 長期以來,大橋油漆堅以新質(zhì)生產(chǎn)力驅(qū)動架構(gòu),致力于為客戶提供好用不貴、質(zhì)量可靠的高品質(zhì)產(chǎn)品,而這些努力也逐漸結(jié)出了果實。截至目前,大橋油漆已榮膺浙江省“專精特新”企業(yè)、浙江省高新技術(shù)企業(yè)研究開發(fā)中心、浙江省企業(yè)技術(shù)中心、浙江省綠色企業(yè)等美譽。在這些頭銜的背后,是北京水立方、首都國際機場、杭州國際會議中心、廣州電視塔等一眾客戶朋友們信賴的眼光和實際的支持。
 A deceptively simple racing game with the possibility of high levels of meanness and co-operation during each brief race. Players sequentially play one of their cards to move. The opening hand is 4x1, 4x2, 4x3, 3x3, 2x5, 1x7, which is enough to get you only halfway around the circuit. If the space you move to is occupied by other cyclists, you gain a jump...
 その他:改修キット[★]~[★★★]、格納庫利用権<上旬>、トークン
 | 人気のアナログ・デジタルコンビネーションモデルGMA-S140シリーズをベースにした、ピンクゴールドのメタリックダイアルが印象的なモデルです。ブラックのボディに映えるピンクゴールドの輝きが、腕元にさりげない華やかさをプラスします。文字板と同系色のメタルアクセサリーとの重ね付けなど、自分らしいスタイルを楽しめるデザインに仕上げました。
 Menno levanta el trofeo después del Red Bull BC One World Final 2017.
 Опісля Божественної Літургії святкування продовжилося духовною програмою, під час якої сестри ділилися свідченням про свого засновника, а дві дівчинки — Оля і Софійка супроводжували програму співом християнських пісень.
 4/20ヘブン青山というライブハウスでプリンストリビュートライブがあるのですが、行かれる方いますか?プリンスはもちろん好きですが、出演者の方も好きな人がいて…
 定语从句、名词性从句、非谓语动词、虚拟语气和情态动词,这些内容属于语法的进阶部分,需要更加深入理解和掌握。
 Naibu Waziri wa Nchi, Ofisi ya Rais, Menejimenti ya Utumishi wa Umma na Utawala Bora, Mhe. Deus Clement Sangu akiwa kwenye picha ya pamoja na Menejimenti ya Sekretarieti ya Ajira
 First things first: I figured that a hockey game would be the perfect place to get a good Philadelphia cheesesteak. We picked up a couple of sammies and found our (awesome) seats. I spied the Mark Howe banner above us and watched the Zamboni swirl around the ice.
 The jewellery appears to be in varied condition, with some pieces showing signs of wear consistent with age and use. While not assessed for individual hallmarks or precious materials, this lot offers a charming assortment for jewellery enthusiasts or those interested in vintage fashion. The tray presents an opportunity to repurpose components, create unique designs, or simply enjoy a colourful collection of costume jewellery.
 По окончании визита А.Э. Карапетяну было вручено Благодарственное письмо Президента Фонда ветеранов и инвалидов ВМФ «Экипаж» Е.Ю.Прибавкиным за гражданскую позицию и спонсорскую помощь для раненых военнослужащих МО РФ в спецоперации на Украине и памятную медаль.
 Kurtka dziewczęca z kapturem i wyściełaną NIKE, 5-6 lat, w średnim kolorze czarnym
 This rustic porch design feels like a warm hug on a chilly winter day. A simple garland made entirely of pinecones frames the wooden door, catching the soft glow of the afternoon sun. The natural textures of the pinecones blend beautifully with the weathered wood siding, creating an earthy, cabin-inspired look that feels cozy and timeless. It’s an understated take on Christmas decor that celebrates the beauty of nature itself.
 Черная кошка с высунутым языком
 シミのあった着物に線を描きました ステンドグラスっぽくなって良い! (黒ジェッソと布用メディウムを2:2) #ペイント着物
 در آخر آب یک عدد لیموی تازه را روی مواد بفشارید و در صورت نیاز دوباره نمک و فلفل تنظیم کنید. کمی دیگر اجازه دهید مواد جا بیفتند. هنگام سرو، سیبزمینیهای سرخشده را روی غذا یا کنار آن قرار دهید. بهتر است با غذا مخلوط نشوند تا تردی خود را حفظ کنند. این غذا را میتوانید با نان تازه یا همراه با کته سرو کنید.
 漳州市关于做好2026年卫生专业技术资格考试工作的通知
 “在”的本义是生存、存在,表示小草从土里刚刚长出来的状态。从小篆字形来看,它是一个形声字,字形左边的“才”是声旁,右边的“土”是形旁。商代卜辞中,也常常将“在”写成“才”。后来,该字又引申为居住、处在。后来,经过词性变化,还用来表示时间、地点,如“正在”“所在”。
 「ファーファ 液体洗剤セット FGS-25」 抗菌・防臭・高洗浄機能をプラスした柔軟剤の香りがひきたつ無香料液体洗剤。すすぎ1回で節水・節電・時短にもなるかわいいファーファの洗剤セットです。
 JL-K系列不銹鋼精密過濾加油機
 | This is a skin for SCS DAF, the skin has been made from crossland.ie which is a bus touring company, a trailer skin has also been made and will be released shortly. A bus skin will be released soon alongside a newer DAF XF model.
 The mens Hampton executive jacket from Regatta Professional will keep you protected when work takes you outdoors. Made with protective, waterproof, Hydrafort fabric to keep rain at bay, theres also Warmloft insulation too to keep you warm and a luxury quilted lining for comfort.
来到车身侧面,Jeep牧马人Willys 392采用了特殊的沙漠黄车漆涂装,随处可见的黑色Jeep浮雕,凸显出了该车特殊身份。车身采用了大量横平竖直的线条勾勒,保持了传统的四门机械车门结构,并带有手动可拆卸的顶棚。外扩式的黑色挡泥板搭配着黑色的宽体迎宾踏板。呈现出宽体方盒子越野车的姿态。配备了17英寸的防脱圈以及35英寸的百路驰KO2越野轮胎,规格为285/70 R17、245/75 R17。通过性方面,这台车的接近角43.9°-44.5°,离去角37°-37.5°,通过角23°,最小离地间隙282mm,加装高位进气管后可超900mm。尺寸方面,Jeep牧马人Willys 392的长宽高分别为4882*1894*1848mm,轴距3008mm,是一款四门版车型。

-*-*-

* _Description of the task_
The answer should be one number, the count of lines in the data that include the string "also".

* _Response to this task_
2